Some phenotypes identified by VIGS experiments.
(a) Tomato leaf infected with TRV virus only.
(b) PDS gene silenced in tomato using TRV construct. Photobleached tissue indicates regions of silencing.
(c) TRV::Prf silenced tomato leaf treated with an avirulent Pseudomonas syringae strain. Visible disease symptoms are the result of loss of resistance because of suppression of the Prf gene (Ekengren et al., 2003).
(d) Nicotiana benthamiana plant infected with PVX virus only.
(e) A high-throughput VIGS screen of a random cDNA library.
(f) PDS gene silenced in N. benthamiana using a TRV construct.
(g) Silencing of the CTR1 gene in tomato results in a dwarf phenotype with severe epinasty.
(h) Silencing using a tomato PP2Ac gene in N. benthamiana results in the formation of localized regions of cell death. Photograph shows lesions on leaf revealed by trypan blue staining (from He et al., 2004).
(i–l) Abnormal developmental phenotypes identified in large-scale VIGS screen of random cDNAs in N. benthamiana. (i) Silencing of an unknown gene results in elongated internodes and an abnormal leaf shape. (j) Suppression of a gene encoding a putative nuclear shuttle protein produces a plant with shorter stature, multiple branches, and small, ruffled leaves. (k) Silencing of an unknown gene results in a dwarf phenotype. (l) Suppression of a gene encoding a putative clathrin-associated protein results in chlorosis.

The degree and specificity of VIGS is typically determined by reverse transcription followed by polymerase chain reaction (RT-PCR) because this technique requires a minimal amount of tissue and is more sensitive than RNA gel blot analysis for detecting low-abundance transcripts. RT-PCR products amplified from gene-silenced and virus only infected tissue are compared to determine the relative reduction in transcript level (Ekengren et al., 2003; Liu et al., 2004b). The abundance of a RT-PCR product is normalized to the level of a constitutively expressed gene such as actin. To avoid amplifying the gene sequence in the virus, primers for RT-PCR are designed to anneal to a region of the targeted transcript outside of the sequence cloned in the VIGS vector. Subsequent cloning and sequencing of PCR products ensures that the PCR reaction is specifically amplifying the targeted transcripts(s) and not those from closely related genes.
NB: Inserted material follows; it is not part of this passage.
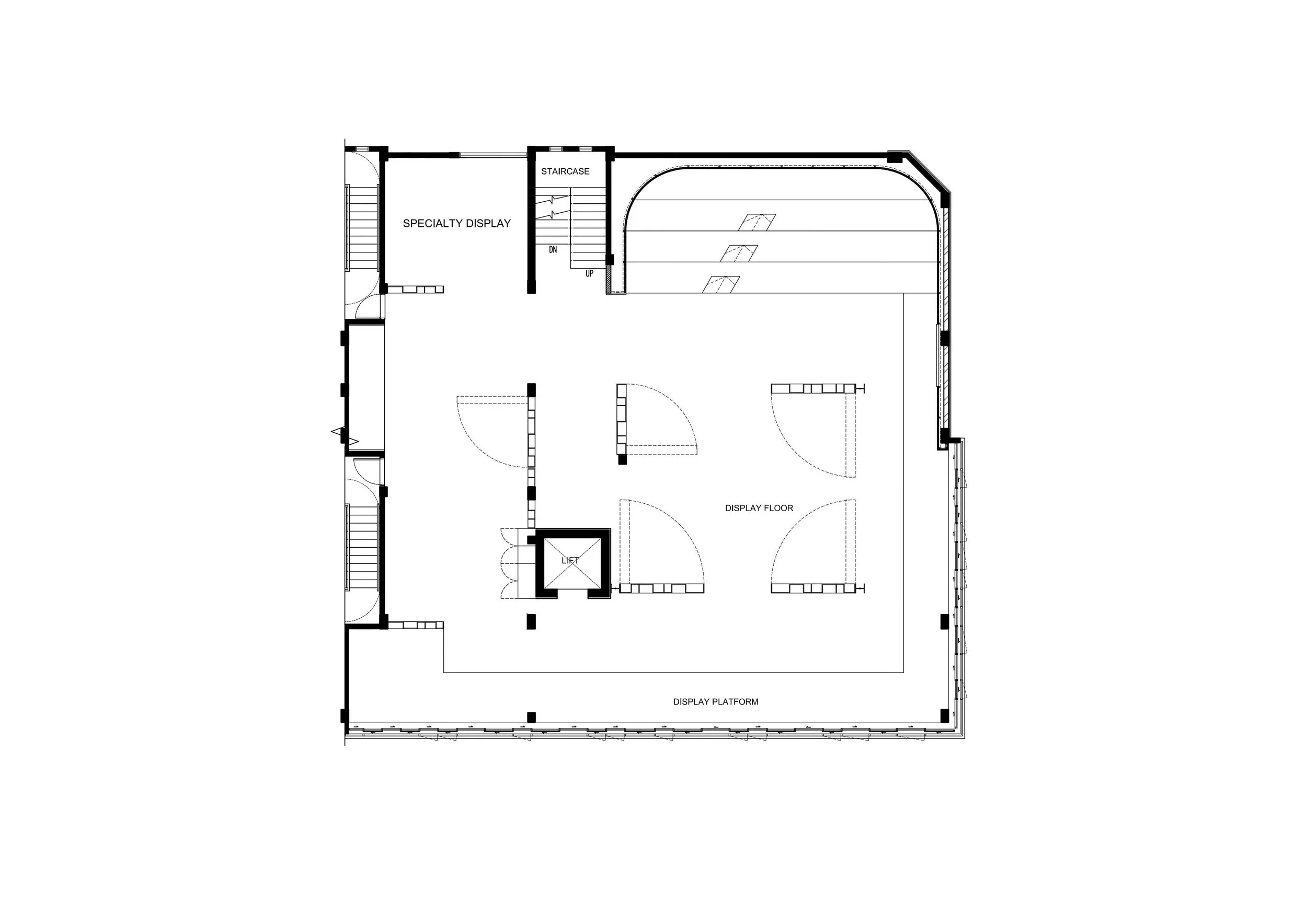 At ground level, the design extended the external walkway seamlessly into the showroom. A combination of terracotta tiles in varied shapes and tones, together with grey pebble wash, was used to form a continuous floor surface that visually and physically connects interior and exterior spaces. The external walkway walls were fitted with full-height glazing and steel fins, aligning with the rhythm of the floor patterns.

‘Fast-forward’ genetics using VIGS

Improvements to vectors and inoculation techniques have opened the door to large-scale VIGS experiments. With VIGS, the closest approximation to a traditional forward genetics screen is subcloning random cDNA clones into a virus vector and screening for interesting phenotypes. The significant advantage to this approach, termed ‘fast-forward genetics’, is that gene sequences that produce interesting phenotypes can be quickly isolated and identified (Baulcombe, 1999). Large-scale functional genomics screens have been undertaken with TMV- and BSMV-based VIGS vectors in N. benthamiana and barley, respectively (Fitzmaurice et al., 2002). A recent report describes the silencing of nearly 5000 cDNAs in N. benthamiana to assess their functional significance in defense signaling and identified a role for HSP90 genes in disease resistance (Lu et al., 2003). Our laboratories have taken similar approaches and we have identified several candidate genes in the Pto and N disease resistance pathways, including a chloroplast carbonic anhydrase gene that, when silenced, suppresses a Pto-mediated hypersensitive response (Slaymaker et al., 2002; G.B.M and S.P.D.-K., unpublished data). For this forward genetics approach to be successful, it is important to normalize the cDNA library to eliminate high abundance transcripts that would otherwise dilute unique sequences (Lu et al., 2003). Moreover, careful consideration of the source and treatment of tissue used to construct the library is essential in order to enrich for relevant genes.

Advantages of VIGS

The easiest and most effective way to determine the function of a gene or protein is to attenuate the expression of the gene or to generate a mutant that does not encode a functional protein. With the availability of whole genome sequences, there is increasing need for large-scale analysis to determine the functions of thousands of genes. Several approaches have traditionally been used for loss-of-function analysis (Table 2). These techniques have proven very useful but each has inherent disadvantages. VIGS is one example of a new technology that avoids many of the limitations of traditional approaches to functional analysis. As described above, VIGS is most commonly used as an Agrobacterium- or in vitro transcription-based transient assay to rapidly generate phenotypes (Dinesh-Kumar et al., 2003; Ekengren et al., 2003; Liu et al., 2002a,b; Ratcliff et al., 2001). Here we will compare VIGS with other commonly used loss-of-function methods.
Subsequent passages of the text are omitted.